**Exercise instructions**
Examine the data below and state how many lines contain "påverkas", offering no other words.

**Provided data**
■ ■ ■ ■ ■ ■ ■

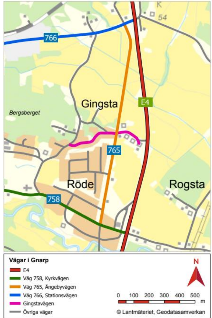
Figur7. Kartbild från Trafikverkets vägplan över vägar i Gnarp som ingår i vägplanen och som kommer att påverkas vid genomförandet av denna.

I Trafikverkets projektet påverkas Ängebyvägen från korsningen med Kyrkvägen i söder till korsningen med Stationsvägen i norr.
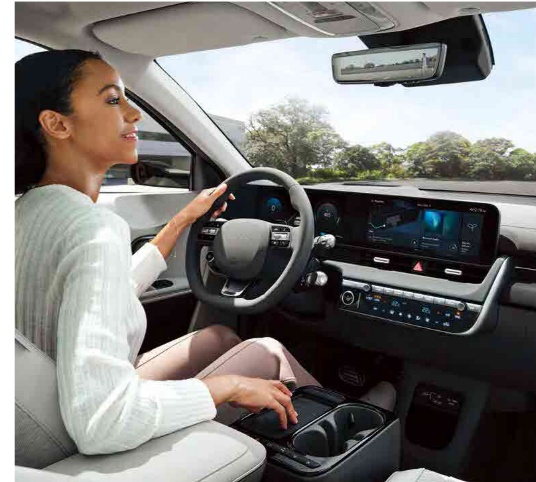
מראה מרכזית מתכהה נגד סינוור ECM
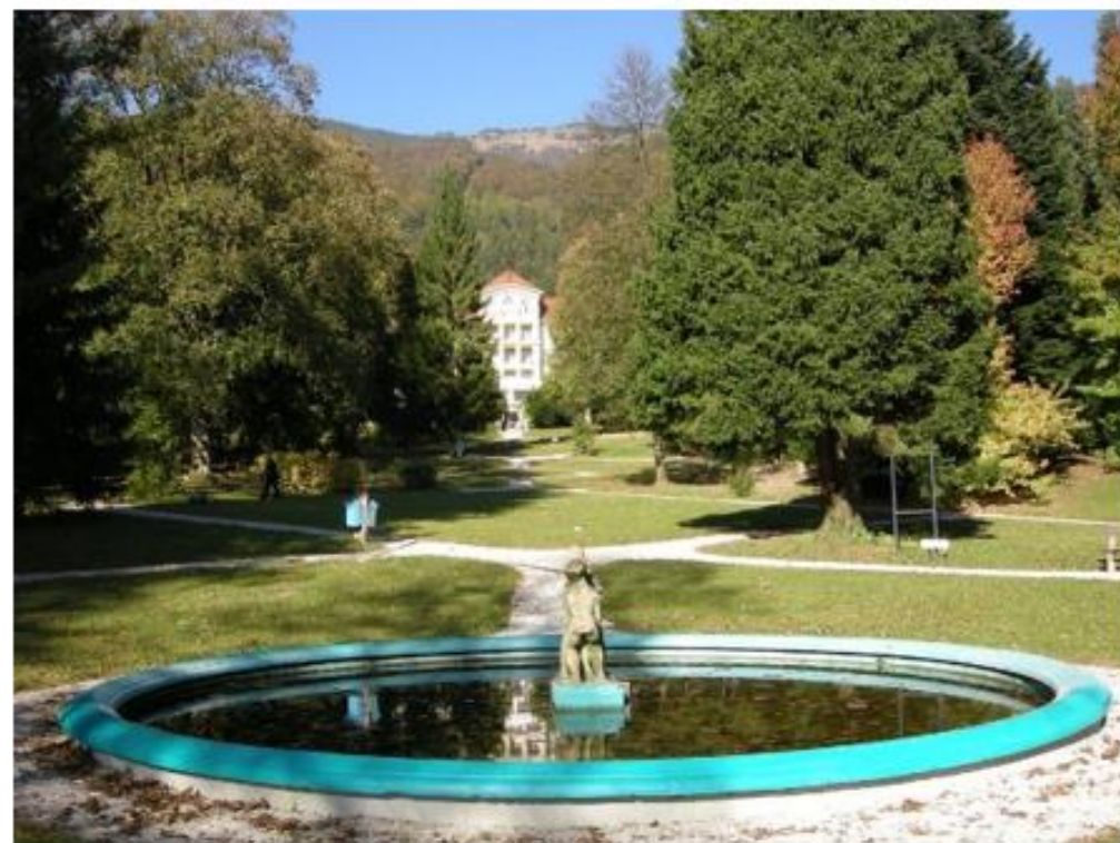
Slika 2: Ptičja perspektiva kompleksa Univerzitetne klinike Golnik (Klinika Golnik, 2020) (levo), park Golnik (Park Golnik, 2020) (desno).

■ ■ ■ ■ ■ ■ ■

**Your response**
2